Our data confirmed the heterogeneity in GWBs in terms of TNGW1 and GW182 distribution, which is consistent with the observations from recent reports (Jakymiw et al., 2007; Moser et al., 2007). The importance of this heterogeneity could be a reflection of different stages of GWB assembly. However, it could also reflect the diversity in the functional status of GWBs, which are closely related to miRNA-mediated function. When targeted by miRNA, most mRNAs may enter the accelerated turnover process whereas some may not. A recent report showed that two luciferase reporter mRNAs that carry different 3′-UTRs were degraded at different rates when both were translationally repressed (Eulalio et al., 2008b). Under stress conditions, the translational efficiency of some miRNA-targeted mRNAs have been reported to be upregulated (Bhattacharyya et al., 2006; Vasudevan et al., 2007), which required these targeted mRNAs to remain stable during miRNA-targeting. Interestingly, the determining factors in the turnover of targeted mRNAs seemed not only to depend on the miRNA-targeting sequence but also on the proteins that were recruited during the silencing process (Bhattacharyya et al., 2006). Since the formation of GWBs has been shown to be a consequence of miRNA activity (Pauley et al., 2006; Eulalio et al., 2007), it is not surprising that there are multiple functional roles for these cytoplasmic foci. The identification of the TNGW1 as a novel isoform of GW182, and the heterogeneous distribution of TNGW1, GW182 and other RNAi factors in GWBs (Jakymiw et al., 2007), will provide us with a better understanding of the RNAi process at molecular cell biology level.
Materials and Methods
Identification of TNGW1 mRNA
To identify TNGW1 mRNA, PCR was performed on cDNA from HeLa, HEp-2 and HepG2 cell lines (ATCC, Manassas, VA), and normal adult human testis (BioChain, Hayward, CA) using primer TNRC-1 (5′-ATAATGCCAAGCGAGCTACAG-3′; nucleotides 248-268) and TNRC-2 (5′-AAGGGAAGTGCCATTCATACC-3′; nucleotides 1512-1492). PCR reactions were carried out using SureStart™ Taq DNA polymerase (Stratagene, Cedar Creek, TX) following manufacturer's protocol. Annealing temperature for PCR amplification was 54°C. Complete nucleotide sequences of the PCR products were determined in both strands by using BigDye terminator sequencing at the University of Florida Interdisciplinary Center for Biotechnology Research Sequencing Core Laboratory.

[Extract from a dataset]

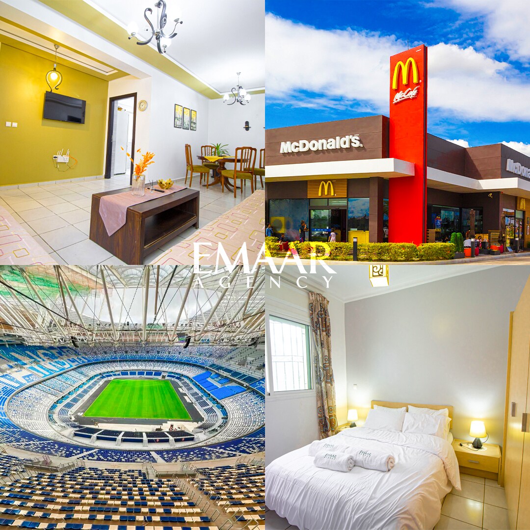 Je vous présente un magnifique appartement situé à Tanger, offrant une vue imprenable sur le Grand Stade et la cité sportive. - Les arrêts de bus et de taxi sont facilement accessibles, facilitant vos déplacements en ville. - À seulement 15 minutes de la corniche et du centre-ville, vous pourrez profiter des plages et des activités urbaines en un rien de temps. Cet appartement est un véritable havre de paix, offrant à la fois confort, commodité, et une localisation stratégique.

TNGW1 cDNA cloning and construction of expression plasmids
To construct full-length TNGW1, PCR amplification was conducted on the human testis cDNA (BioChain) using primer TNRC-5a [5′-TTTGGAAGATCTATGAGAGAATTGGAAGCTAAAGCT-3′ containing a synthetic BglII site sequence (underlined) immediately upstream of the ATG translational start site of TNGW1], and primer TNRC-2, which is downstream of an internal KpnI site (nucleotide 1252). The 1.5 kb PCR product was purified and digested with BglII and KpnI to generate a 1.2 kb fragment that was used to replace the 5′ 500-bp BamHI-KpnI fragment in full-length GW182 cloned in the pENTR vector. The BamHI restriction site was from the 5′ linker sequence of the pENTR vector. Both the 1.2 kb BglII-KpnI fragment and the BamHI-KpnI linearized plasmid of pENTR-GW182 were gel-purified and then ligated at 16°C overnight to generate pENTR-TNGW1 with an 8.4 kb insert. Expression vectors, enhanced green fluorescence protein (EGFP)-tagged and glutathione-S-transferase (GST)-tagged TNGW1 were generated using pENTR-TNGW1 and respective pDEST vectors via recombination using LR Clonase® II (Invitrogen, Carlsbad, CA) following the manufacturer's protocol.
To generate a construct expressing a recombinant polypeptide containing the TNR (rTNR; aa 1-204), pENTR-TNGW1 was first digested with BamHI (nucleotide 610) and NotI (3′ end linker) to release a 6.5 kb fragment containing GW182. The overhangs of the vector that encode the N-terminus of TNGW1 was filled in and then ligated at room temperature for 1 hour to generate the deletion construct pENTR-rTNR. Expression vectors for rTNR in pDEST17 (Invitrogen) and pDEST-EGFP were generated to produce 6×His-rTNR in Escherichia coli, and EGFP-rTNR for expression in mammalian cells, respectively.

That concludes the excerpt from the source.